» What needs to be done
Throughout the listing below, show every line in which "understand" occurs.

» Given information
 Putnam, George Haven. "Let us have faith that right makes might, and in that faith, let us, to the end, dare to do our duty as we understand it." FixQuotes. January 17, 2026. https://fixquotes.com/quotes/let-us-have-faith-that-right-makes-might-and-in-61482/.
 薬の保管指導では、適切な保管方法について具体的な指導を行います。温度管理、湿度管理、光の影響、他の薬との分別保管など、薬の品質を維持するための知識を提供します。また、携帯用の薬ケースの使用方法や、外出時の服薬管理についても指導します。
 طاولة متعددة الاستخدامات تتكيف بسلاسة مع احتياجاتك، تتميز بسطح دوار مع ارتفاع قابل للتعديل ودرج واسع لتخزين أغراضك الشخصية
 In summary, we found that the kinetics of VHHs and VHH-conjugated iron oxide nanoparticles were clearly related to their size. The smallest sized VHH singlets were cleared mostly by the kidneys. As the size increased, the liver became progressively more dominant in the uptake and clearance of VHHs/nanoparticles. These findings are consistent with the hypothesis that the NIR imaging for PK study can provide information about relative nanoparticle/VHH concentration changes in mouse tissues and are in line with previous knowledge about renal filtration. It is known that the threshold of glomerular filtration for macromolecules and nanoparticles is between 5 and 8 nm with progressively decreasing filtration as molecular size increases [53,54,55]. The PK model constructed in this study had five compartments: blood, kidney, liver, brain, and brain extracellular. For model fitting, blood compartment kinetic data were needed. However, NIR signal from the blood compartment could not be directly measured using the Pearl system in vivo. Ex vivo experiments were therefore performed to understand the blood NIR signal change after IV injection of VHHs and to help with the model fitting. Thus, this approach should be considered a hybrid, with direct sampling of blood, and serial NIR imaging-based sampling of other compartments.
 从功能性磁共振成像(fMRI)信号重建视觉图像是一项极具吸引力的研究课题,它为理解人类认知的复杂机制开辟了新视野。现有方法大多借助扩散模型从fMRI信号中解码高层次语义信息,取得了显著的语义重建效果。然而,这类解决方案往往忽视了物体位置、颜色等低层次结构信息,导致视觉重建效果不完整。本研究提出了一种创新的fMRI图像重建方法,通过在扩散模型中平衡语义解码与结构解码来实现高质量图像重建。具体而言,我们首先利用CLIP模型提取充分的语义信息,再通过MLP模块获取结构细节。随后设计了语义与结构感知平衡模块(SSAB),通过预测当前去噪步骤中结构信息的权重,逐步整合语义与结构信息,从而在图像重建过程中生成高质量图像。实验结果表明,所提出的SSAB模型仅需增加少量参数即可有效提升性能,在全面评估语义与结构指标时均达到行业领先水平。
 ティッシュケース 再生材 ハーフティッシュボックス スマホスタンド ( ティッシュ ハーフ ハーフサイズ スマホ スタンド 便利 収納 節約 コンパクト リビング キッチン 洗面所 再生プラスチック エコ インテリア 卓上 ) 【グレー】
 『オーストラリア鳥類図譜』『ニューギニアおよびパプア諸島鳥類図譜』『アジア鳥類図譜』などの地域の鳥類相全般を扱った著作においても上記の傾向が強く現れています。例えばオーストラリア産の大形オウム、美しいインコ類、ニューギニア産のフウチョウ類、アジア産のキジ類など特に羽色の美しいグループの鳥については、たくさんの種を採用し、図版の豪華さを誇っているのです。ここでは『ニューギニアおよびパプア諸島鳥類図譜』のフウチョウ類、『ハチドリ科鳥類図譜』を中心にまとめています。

» Expected answer
 Putnam, George Haven. "Let us have faith that right makes might, and in that faith, let us, to the end, dare to do our duty as we understand it." FixQuotes. January 17, 2026. https://fixquotes.com/quotes/let-us-have-faith-that-right-makes-might-and-in-61482/.
 In summary, we found that the kinetics of VHHs and VHH-conjugated iron oxide nanoparticles were clearly related to their size. The smallest sized VHH singlets were cleared mostly by the kidneys. As the size increased, the liver became progressively more dominant in the uptake and clearance of VHHs/nanoparticles. These findings are consistent with the hypothesis that the NIR imaging for PK study can provide information about relative nanoparticle/VHH concentration changes in mouse tissues and are in line with previous knowledge about renal filtration. It is known that the threshold of glomerular filtration for macromolecules and nanoparticles is between 5 and 8 nm with progressively decreasing filtration as molecular size increases [53,54,55]. The PK model constructed in this study had five compartments: blood, kidney, liver, brain, and brain extracellular. For model fitting, blood compartment kinetic data were needed. However, NIR signal from the blood compartment could not be directly measured using the Pearl system in vivo. Ex vivo experiments were therefore performed to understand the blood NIR signal change after IV injection of VHHs and to help with the model fitting. Thus, this approach should be considered a hybrid, with direct sampling of blood, and serial NIR imaging-based sampling of other compartments.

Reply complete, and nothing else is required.